The Tire Industry Association (TIA) is going to do everything in its power to defeat legislation aimed at making tire registration mandatory.
And that legislation exists. Late last week, Sen. Lindsey Graham (R-SC) introduced S.1741 into the Senate. Also known as the Tire Efficiency, Safety and Registration Act, the bill would require tire sellers to register tires.
The bill, supported by the Rubber Manufacturers Association (RMA), does not address whether or not the consumer information collected at the point-of-sale would be available to the tire manufacturers – a hot-button issue with tire dealers.
“We are 100% against mandatory tire registration,” says Roy Littlefield, executive vice president of TIA. “We plan to fight it. We also plan to reach out to the industry and talk about it.”
That includes the RMA, which Littlefield says has not shown any desire to work with TIA on this issue.
“I’ve been around since 1979, and I can’t believe that on a market solution, the RMA and tire manufacturers are supporting legislative action.”
That echos Littlefield’s response in December 2014, when the issue resurfaced during the National Transportation Safety Board’s Passenger Vehicle Tire Safety Symposium. In December Littlefield said, “TIA has been working with RMA on a number of legislative issues like tire repair and used tires over the past few years, but there have been no discussions related to mandatory tire registration. We had talked about working together to educate and improve voluntary numbers, so it was a total shock to hear that they are proposing legislation over education.”
The RMA believes tire registration is too low, and claims it has dropped from “nearly 50% to about 15%” since voluntary registration became law in 1982. However, Littlefield says that number doesn’t take into account tire dealers who register the tires and keep the information to themselves. In case of a recall, they contact the affected consumers directly.

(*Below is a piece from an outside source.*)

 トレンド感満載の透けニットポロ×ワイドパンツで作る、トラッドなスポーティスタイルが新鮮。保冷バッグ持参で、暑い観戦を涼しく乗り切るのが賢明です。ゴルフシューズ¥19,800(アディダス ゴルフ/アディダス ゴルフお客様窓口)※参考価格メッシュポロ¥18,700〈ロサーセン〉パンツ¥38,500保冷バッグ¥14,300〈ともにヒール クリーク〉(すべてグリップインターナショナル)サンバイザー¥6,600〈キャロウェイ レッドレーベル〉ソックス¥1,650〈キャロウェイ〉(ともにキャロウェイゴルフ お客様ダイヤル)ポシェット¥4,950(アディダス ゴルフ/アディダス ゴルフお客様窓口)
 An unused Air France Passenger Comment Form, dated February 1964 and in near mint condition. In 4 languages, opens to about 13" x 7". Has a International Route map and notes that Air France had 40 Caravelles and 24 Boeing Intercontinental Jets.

Mandatory tire registration is only part of S.1741. In its current form, the legislation also would 1) create minimum tire performance standards for tire fuel efficiency and wet traction; and 2) create a Web-based tool for consumers and tire dealers to more easily determine whether or not a tire is subject to a safety recall.
Although Littlefield is not sure legislation to create the performance standards and Web-based tool are necessary given the power the National Highway Traffic Safety Administration was granted in 2007, he says TIA would not oppose them.